Выяснив, в чем смысл жизни, собравшиеся стали спрашивать ученого, как тот относится к исчезновению традиционных русских игр — лапты, бабок, рюх, то есть городков.
— Беда в том, что исчезают не только русские игры — исчезают игры вообще, — сказал Д. С. — Прискорбно, что у нас не играют или мало играют в лапту, волейбол, горелки… Между тем игра исключительно важна: она воспитывает социальность, в игре люди учатся умению держаться вместе, чувствовать партнера, противника. Человеку не хватает сейчас общения, разнообразных контактов друг с другом. Все это может дать игра. Но она уходит, заменяется танцами или тем, что принято называть танцами. Совсем перестали играть в крокет, лото. Раньше все семейство играло по вечерам в цифровое лото, а сейчас торчит у экрана телевизора… На Севере долгими зимними вечерами вся семья пела. Это вроде бы о другом. Но хоровое пение — это не только эстетика. Оно нравственно объединяет семью. Вообще Русский Север всегда был хранителем замечательных народных традиций, прежде всего трудовых, но и бытовых, и праздничных тоже. Они создавали ритм жизни, сближали людей — не случайно тогда меньше было того, что сейчас называется “закомплексованностью”. Жаль, что с оттоком населения из северных районов страны, с обезлюдением их, многие из этих традиций забываются…

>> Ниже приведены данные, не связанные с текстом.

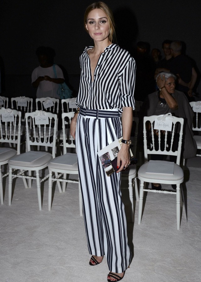 Si Olivia Palermo lo luce, ¿por qué no seguirla? Combinación de pantalón y camisa de rayas de diferentes tamaños. Funciona. AFP
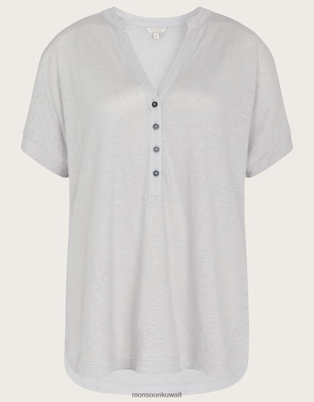 قميص جيرسي بأكمام قصيرة وتفاصيل أزرار ملابس رمادي Monsoon نحيف N4BV8X2794 - Monsoon online customer service

Ностальгическим ключиком открываются все сердца, и недаром человек, занятый важнейшей работой и оберегаемый близкими от всевозможных вторжений, тем не менее охотно согласился побеседовать об игре.
У каждого детства свои игры, у каждого времени свой час потехи. Митя, сын инженера-электрика, пошел в школу в первый год Первой мировой войны. Сначала он поступил в гимназию Человеколюбивого общества на Крюковом канале, а в 1915-м перешел в гимназию К. И. Мая на 14-й линии Васильевского острова. Мое поколение село за парты в годы Второй мировой войны. Взросление Мити и его сверстников проходило на фоне военных неудач русской армии в Первой мировой, тяжело ими переживавшихся. Мое и моих сверстников — на фоне взятого Берлина, Победы. “Национальное чувство, — вспоминает Лихачев, — и ущемлялось, и подогревалось. Я жил известиями с театра военных действий, слухами, надеждами и опасениями”.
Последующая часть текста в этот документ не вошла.